As an attorney, Keating represented business clients from individual entrepreneurs to large multi-national companies.

“He was just one of the best people you know,” said Leo Fisher, a managing partner at Bean, Kinney & Korman. “He was a very positive person, he had a great sense of humor… it was a pleasure to work with him.”

“We are absolutely stunned in disbelief,” said Takis Karantonis, director of the Columbia Pike Revitalization Organization, who worked with Keating on business issues related to the Pike. “This is a real loss for our community… he was a real civic champion.”

In addition to his work with the Chamber, Keating was a member of Arlington County’s Community Energy and Sustainability Task Force.

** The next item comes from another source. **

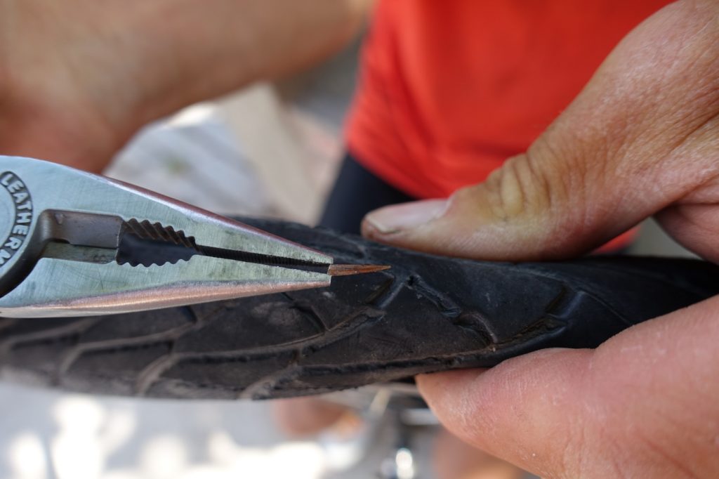 En traversant cette petit ville, Maman crève. Hop, 3ème crevaison ! C’est une belle épine qui a tout traversé ! Les EveilNomade partent chercher une boulangerie pendant que nous réparons la panne. Puis Papa se rend compte que nous avons loupé une cache pas loin. Il y retourne. Maman rejoint tout le monde et nous partons, Papa et Lucas nous rattraperont.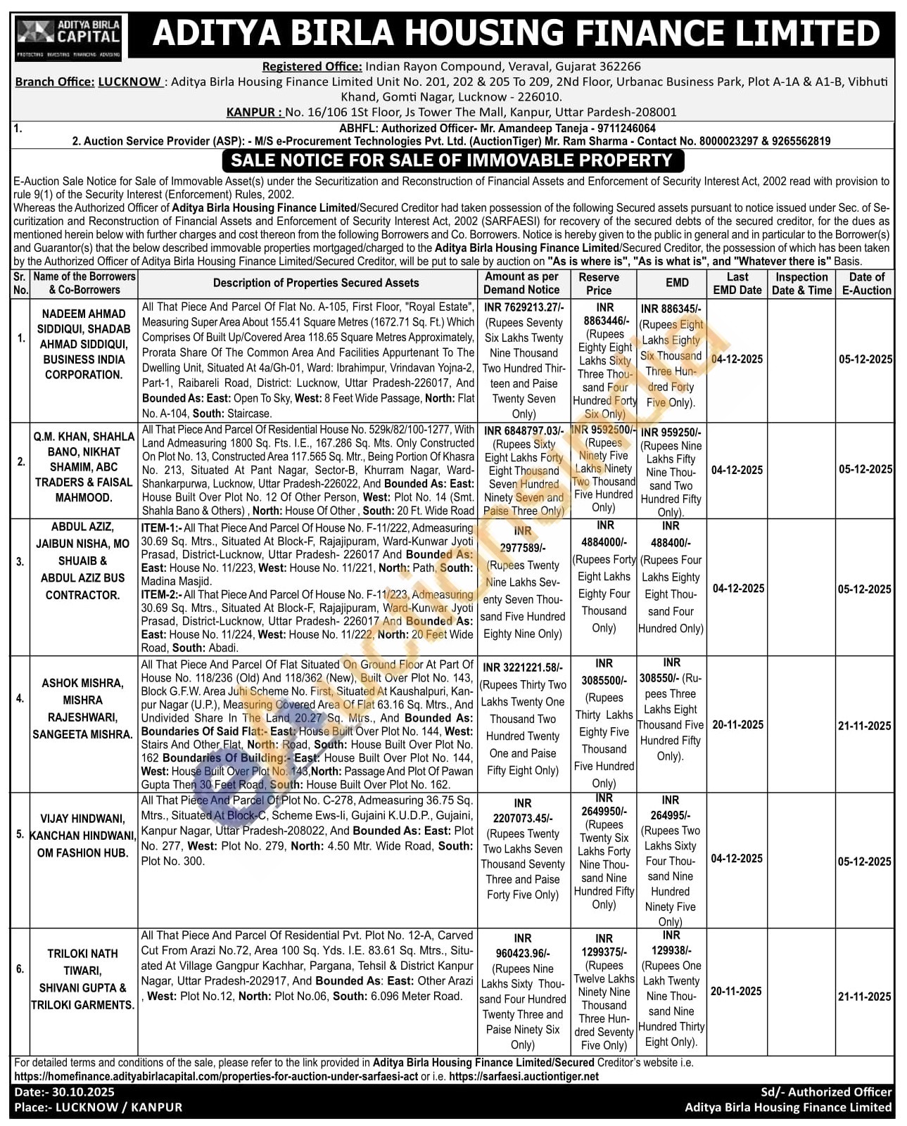 All That Piece And Parcel Of Flat Situated On Ground Floor At Part Of House No. 118/236 (Old) And 118/362 (New), Built Over Plot No. 143, Block G.F.W. Area Juhi Scheme No. First, Situated At Kaushalpuri, Kanpur Nagar (U.P.), Measuring Covered Area Of Flat 63.16 Sq. Mtrs., And Undivided Share In The Land 20.27 Sq. Mtrs., And Bounded As: Boundaries Of Said Flat:- East: House Built Over Plot No. 144, West: Stairs And Other Flat, North: Road, South: House Built Over Plot No. 162 Boundaries Of Building:- East: House Built Over Plot No. 144, West: House Built Over Plot No. 143, North: Passage And Plot Of Pawan Gupta Then 30 Feet Road, South: House Built Over Plot No. 162

“It’s a little surreal that he’s not here today,” said 2010 county board chairman Jay Fisette, who ran in to Keating while eating lunch at a restaurant in Courthouse yesterday. “Our chairmanships coincided, and I got a chance to know him pretty well… He was very committed to the community as a whole, and that was reflected in his life and in his interactions.”

“Phil was filled with humor and compassion, and was a consensus-builder,” said Sun Gazette Managing Editor Scott McCaffrey, who worked with Keating as a member of the Chamber’s Executive Committee. “[He] used his year as chairman to push the Chamber of Commerce to continue as an engaged partner in government and economic affairs in Arlington and the region.”

Keating was married with three children, including a daughter who recently graduated from college, a son who’s an undergraduate at UVA and a daughter who’s a junior in high school.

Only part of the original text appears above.